As you can see, the difference is noise at a level of -130 dB. This amplitude is WAY below the limits of any audio equipment and, as such, is inaudible.
Let’s make the comparison more dramatic, shall we? I’ve saved the 16-bit track again with a depth of 8 bits.
This time, we got a result. You can see some waviness in the difference. This makes sense, as an 8-bit file only has 256 possible amplitude levels, and a 1-volt waveform has a possible error of almost 2 millivolts. Let’s look at this in the spectral domain.
Now we have something audible. Not only can we see the 1-kHz waveform in the difference file at an amplitude of -70 dB, but we can see harmonics of that frequency at 1-kHz spacings to the upper limits of the file.
High-Resolution Audio Sounds Better
What have we learned about digital audio storage? First, each sample is infinitely small in the time domain and represents a level rather than a block. Second, there is no audible difference between a 16-bit and a 24-bit audio file. Third, 8 bits aren’t enough to accurately capture an analog waveform. What’s our takeaway? If we see marketing material that contends that a recording format with more than 16 bits of depth dramatically improves audio quality, we know it’s hogwash.

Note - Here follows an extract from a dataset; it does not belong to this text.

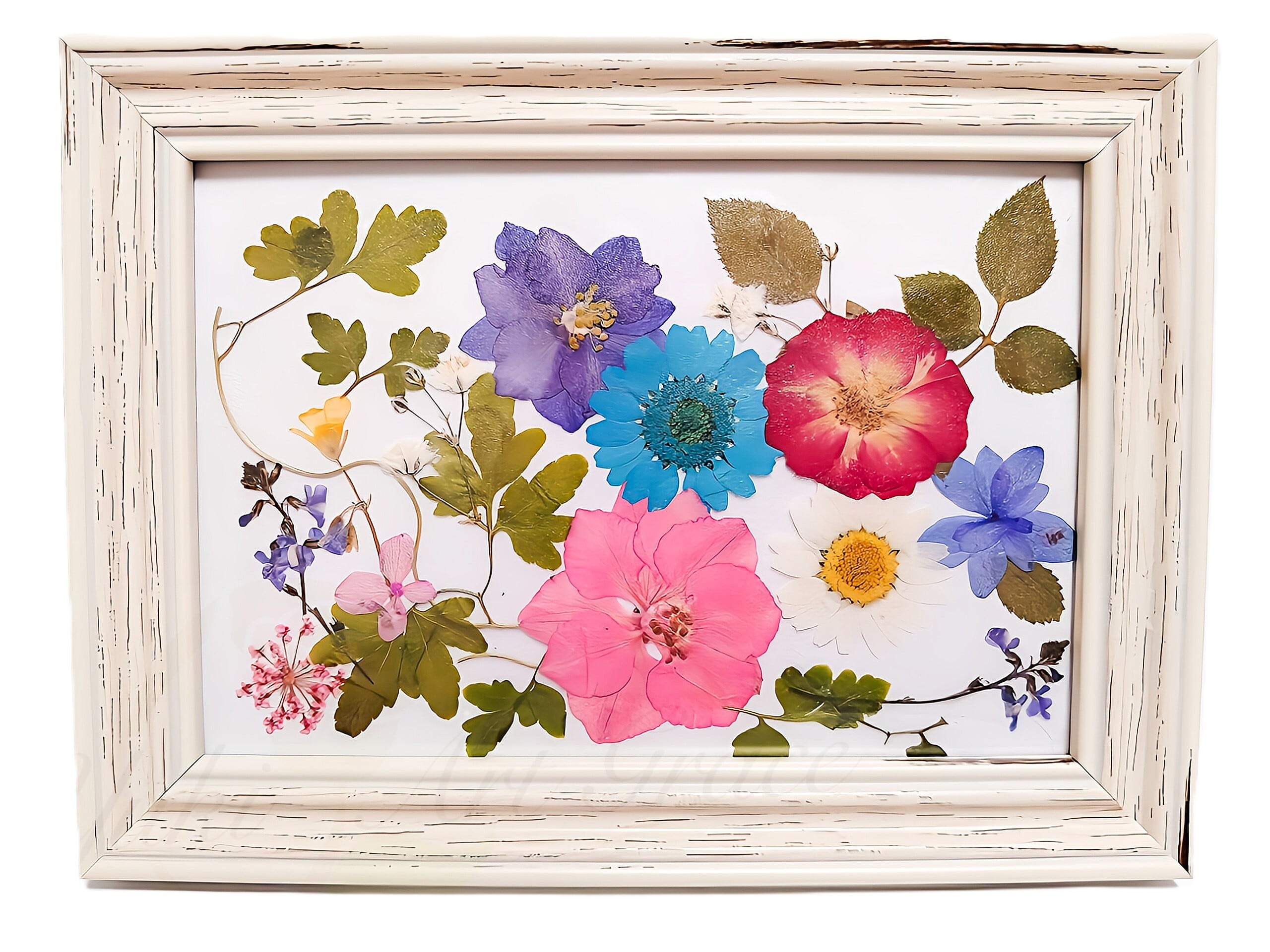 押し花アート(薔薇・ノースポール・千鳥草)Pressed Flower Art

Wait, what about hi-res audio? Doesn’t it sound better than conventional CD quality? The answer is often yes. The reason isn’t mathematical, though. Sampling rates above the CD standard of 44.1 kHz can capture more harmonic information. Is this audible? Unlikely. Does having more than 16 bits of depth help? We’ve proven it doesn’t. So, why do hi-res recordings often sound better than older CD-quality recordings? The equipment used in the studio to convert the analog waveform from a microphone is likely decades newer and adds less distortion to the signal. If the recording is genuinely intended to be high-resolution, the quality of the microphone itself is better. Those are HUGE in terms of quality and accuracy.
A second benefit of higher bit-depth audio files is less background noise. When multiple sound samples are combined in software like Pro Tools, the chances of the background noise combining to become an issue are dramatically reduced.
The next time you shop for a car radio, consider a unit that supports playback of hi-res audio files. They sound better and will improve your listening experience. A local specialty mobile enhancement retailer can help you pick a radio that suits your needs and is easy to use.